Bug 1281301

Summary: NetworkManager infiniband connected mode fails with some adapters
Product: Red Hat Enterprise Linux 7 Reporter: Dominique Martinet <dominique.martinet>
Component: NetworkManagerAssignee: Beniamino Galvani <bgalvani>
Status: CLOSED ERRATA QA Contact: Desktop QE <desktop-qa-list>
Severity: urgent Docs Contact:
Priority: urgent    
Version: 7.1CC: aloughla, bgalvani, dcbw, dominique.martinet, lrintel, rkhan, thaller, vbenes
Target Milestone: rc   
Target Release: ---   
Hardware: Unspecified   
OS: Unspecified   
Whiteboard:
Fixed In Version: Doc Type: Bug Fix
Doc Text:
Story Points: ---
Clone Of: Environment:
Last Closed: 2016-11-03 19:20:19 UTC Type: Bug
Regression: --- Mount Type: ---
Documentation: --- CRM:
Verified Versions: Category: ---
oVirt Team: --- RHEL 7.3 requirements from Atomic Host:
Cloudforms Team: --- Target Upstream Version:
Embargoed:
Bug Depends On:    
Bug Blocks: 1301628, 1313485    
Attachments:
Description Flags
[PATCH] device/infiniband: take interface down to set transport mode none

Description Dominique Martinet 2015-11-12 09:26:37 UTC
Description of problem:
Having network manager set connected mode fails for some new adapters (mlx5 driver)

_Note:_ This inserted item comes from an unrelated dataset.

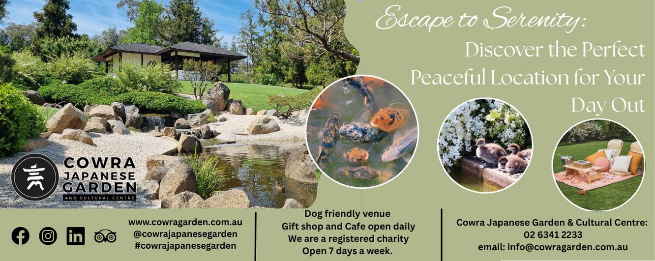 Cowra is a charming rural town, known for its rich history and beautiful landscapes. Renowned for the Cowra Breakout (1944), when Japanese prisoners of war staged a mass escape, this event is commemorated at the Cowra POW Camp site annually. The town also boasts stunning Japanese Gardens, symbolising peace and reconciliation. Cowra is part of a thriving wine region. Visitors enjoy its warm hospitality, historic sites, and annual events like the Koyo Matsuri Festival celebrating the colourful autumn leaves. A gem in the Central West!

Version-Release number of selected component (if applicable):
NetworkManager-1.0.0-16.git20150121.b4ea599c.el7_1.x86_64

How reproducible:
Always, just set CONNECTED_MODE=yes on such a card

Actual results:

We get this kind of logs and the interface stays down:
Oct 26 14:21:11 test10 NetworkManager[2054]: <info>  NetworkManager state is now CONNECTING
Oct 26 14:21:11 test10 kernel: mlx5_0p1.8012: interface is up, cannot change mode
Oct 26 14:21:11 test10 NetworkManager[2054]: <error> [1445865671.383903] [platform/nm-linux-platform.c:2133] sysctl_set(): sysctl: failed to set '/sys/class/net/mlx5_0p1.8012/mode' to 'datagram': (22) Invalid argument
Oct 26 14:21:11 test10 NetworkManager[2054]: <info>  (mlx5_0p1.8012): device state change: prepare -> failed (reason 'config-failed') [40 120 4]
Oct 26 14:21:11 test10 NetworkManager[2054]: <info>  NetworkManager state is now CONNECTED_LOCAL
Oct 26 14:21:11 test10 NetworkManager[2054]: <warn>  (mlx5_0p1.8012): Activation: failed for connection 'mlx5_0p1.8012'


Expected results:
The interface comes up

Additional info:
As the message clearly says, we need to change the connected mode before the interface is brought up.
As a workaround, it seems to work if the interface is configured as connected beforehand.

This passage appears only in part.